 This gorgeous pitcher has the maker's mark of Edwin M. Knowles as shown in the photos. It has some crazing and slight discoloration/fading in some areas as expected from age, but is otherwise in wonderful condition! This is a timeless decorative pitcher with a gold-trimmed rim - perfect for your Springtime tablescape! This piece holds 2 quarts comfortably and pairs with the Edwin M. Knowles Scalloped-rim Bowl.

______

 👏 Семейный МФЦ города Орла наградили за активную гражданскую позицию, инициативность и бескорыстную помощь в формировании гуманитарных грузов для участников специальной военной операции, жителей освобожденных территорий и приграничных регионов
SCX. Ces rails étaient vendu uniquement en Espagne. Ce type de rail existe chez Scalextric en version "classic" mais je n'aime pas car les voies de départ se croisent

______

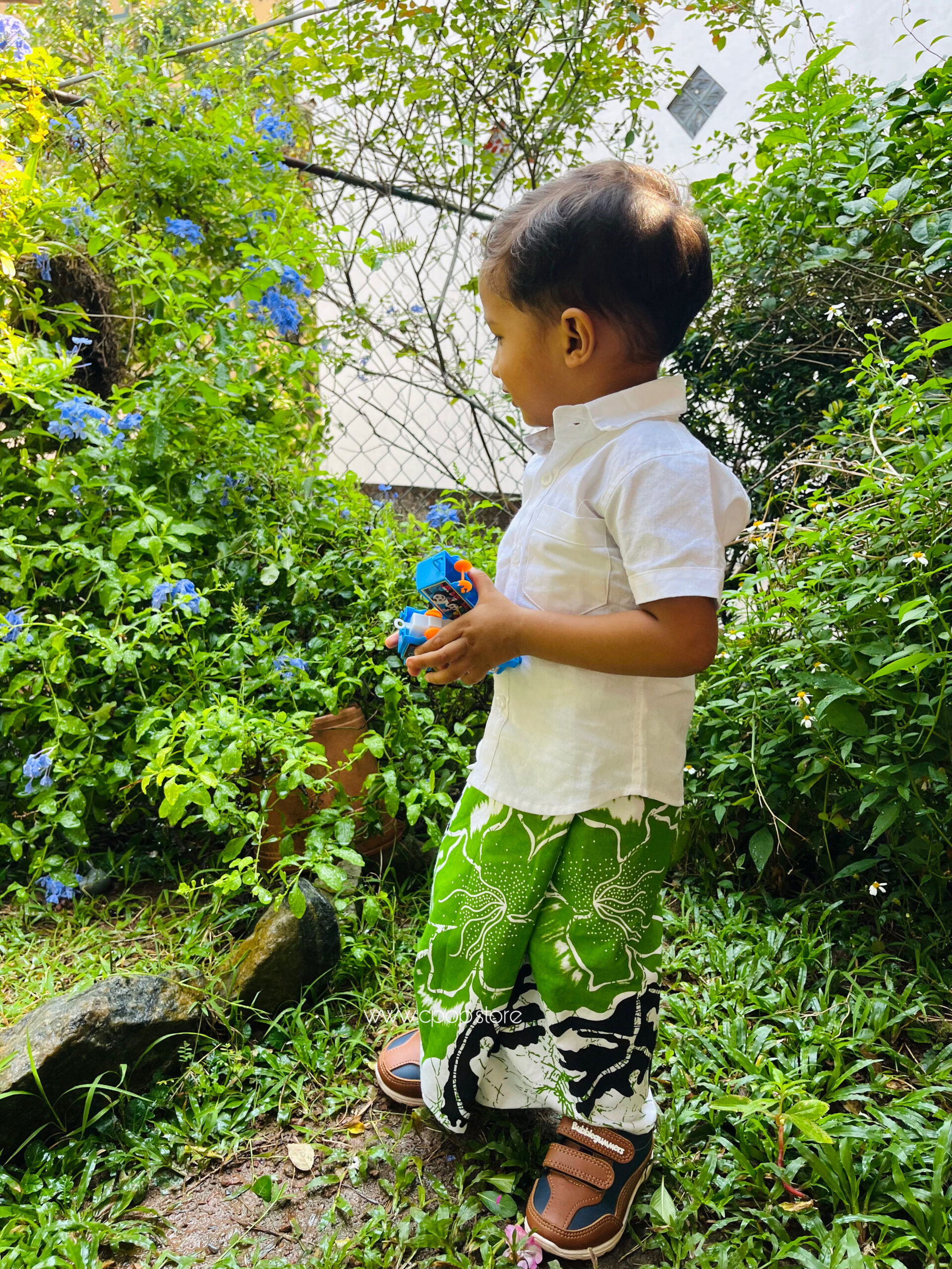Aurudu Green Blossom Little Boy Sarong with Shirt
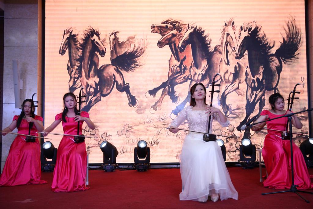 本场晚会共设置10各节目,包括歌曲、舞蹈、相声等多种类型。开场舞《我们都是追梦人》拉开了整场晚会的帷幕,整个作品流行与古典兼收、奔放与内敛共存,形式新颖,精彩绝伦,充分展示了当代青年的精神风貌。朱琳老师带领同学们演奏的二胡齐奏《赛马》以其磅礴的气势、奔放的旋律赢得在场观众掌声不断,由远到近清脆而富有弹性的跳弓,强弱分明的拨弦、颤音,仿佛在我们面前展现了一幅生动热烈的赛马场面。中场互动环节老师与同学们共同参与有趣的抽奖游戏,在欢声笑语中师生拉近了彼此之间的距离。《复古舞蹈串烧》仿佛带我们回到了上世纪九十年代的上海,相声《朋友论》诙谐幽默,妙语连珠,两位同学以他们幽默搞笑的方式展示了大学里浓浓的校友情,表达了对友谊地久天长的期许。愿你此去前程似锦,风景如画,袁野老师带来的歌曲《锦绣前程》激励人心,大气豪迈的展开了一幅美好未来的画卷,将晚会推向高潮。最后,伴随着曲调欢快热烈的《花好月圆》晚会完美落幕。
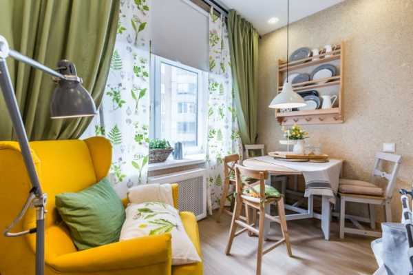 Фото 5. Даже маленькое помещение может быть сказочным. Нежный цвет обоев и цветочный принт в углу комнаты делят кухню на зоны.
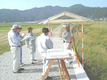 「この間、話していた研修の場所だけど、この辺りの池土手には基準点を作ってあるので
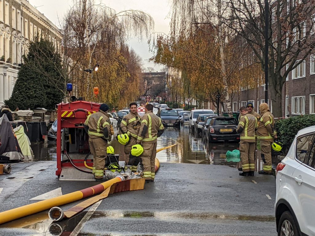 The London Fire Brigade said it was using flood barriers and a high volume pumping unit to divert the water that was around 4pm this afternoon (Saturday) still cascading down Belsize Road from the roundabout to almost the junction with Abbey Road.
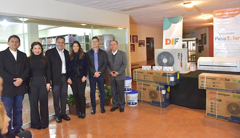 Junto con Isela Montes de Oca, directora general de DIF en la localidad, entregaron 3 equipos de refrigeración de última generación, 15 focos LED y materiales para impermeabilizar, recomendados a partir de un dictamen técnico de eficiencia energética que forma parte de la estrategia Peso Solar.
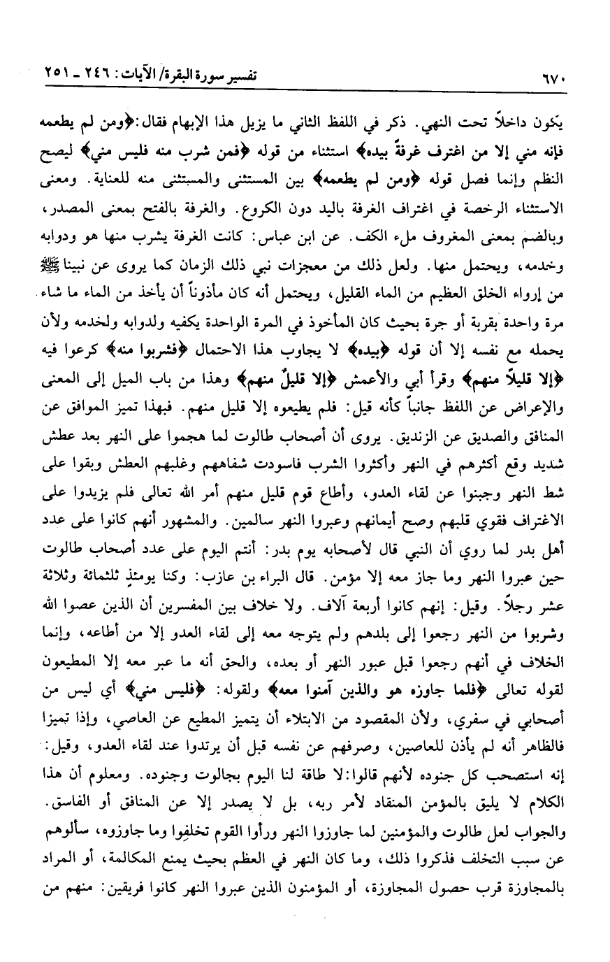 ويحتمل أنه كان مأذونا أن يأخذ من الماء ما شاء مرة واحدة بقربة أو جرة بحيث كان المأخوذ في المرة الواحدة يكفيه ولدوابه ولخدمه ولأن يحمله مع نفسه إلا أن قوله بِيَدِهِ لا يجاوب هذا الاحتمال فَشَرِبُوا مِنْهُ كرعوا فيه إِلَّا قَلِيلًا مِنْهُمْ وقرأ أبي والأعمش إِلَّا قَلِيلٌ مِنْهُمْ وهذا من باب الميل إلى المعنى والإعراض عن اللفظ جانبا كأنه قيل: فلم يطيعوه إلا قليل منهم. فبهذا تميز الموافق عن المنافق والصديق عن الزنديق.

______

Extract, without any images, the part of the material above that opens with the line containing "本场晚会共设置10各节目,包" and closes with the line containing "ويحتمل أنه كان", both lines included.

### SOLUTION FOR THIS PROBLEM
 本场晚会共设置10各节目,包括歌曲、舞蹈、相声等多种类型。开场舞《我们都是追梦人》拉开了整场晚会的帷幕,整个作品流行与古典兼收、奔放与内敛共存,形式新颖,精彩绝伦,充分展示了当代青年的精神风貌。朱琳老师带领同学们演奏的二胡齐奏《赛马》以其磅礴的气势、奔放的旋律赢得在场观众掌声不断,由远到近清脆而富有弹性的跳弓,强弱分明的拨弦、颤音,仿佛在我们面前展现了一幅生动热烈的赛马场面。中场互动环节老师与同学们共同参与有趣的抽奖游戏,在欢声笑语中师生拉近了彼此之间的距离。《复古舞蹈串烧》仿佛带我们回到了上世纪九十年代的上海,相声《朋友论》诙谐幽默,妙语连珠,两位同学以他们幽默搞笑的方式展示了大学里浓浓的校友情,表达了对友谊地久天长的期许。愿你此去前程似锦,风景如画,袁野老师带来的歌曲《锦绣前程》激励人心,大气豪迈的展开了一幅美好未来的画卷,将晚会推向高潮。最后,伴随着曲调欢快热烈的《花好月圆》晚会完美落幕。
 Фото 5. Даже маленькое помещение может быть сказочным. Нежный цвет обоев и цветочный принт в углу комнаты делят кухню на зоны.
 「この間、話していた研修の場所だけど、この辺りの池土手には基準点を作ってあるので
 The London Fire Brigade said it was using flood barriers and a high volume pumping unit to divert the water that was around 4pm this afternoon (Saturday) still cascading down Belsize Road from the roundabout to almost the junction with Abbey Road.
 Junto con Isela Montes de Oca, directora general de DIF en la localidad, entregaron 3 equipos de refrigeración de última generación, 15 focos LED y materiales para impermeabilizar, recomendados a partir de un dictamen técnico de eficiencia energética que forma parte de la estrategia Peso Solar.
 ويحتمل أنه كان مأذونا أن يأخذ من الماء ما شاء مرة واحدة بقربة أو جرة بحيث كان المأخوذ في المرة الواحدة يكفيه ولدوابه ولخدمه ولأن يحمله مع نفسه إلا أن قوله بِيَدِهِ لا يجاوب هذا الاحتمال فَشَرِبُوا مِنْهُ كرعوا فيه إِلَّا قَلِيلًا مِنْهُمْ وقرأ أبي والأعمش إِلَّا قَلِيلٌ مِنْهُمْ وهذا من باب الميل إلى المعنى والإعراض عن اللفظ جانبا كأنه قيل: فلم يطيعوه إلا قليل منهم. فبهذا تميز الموافق عن المنافق والصديق عن الزنديق.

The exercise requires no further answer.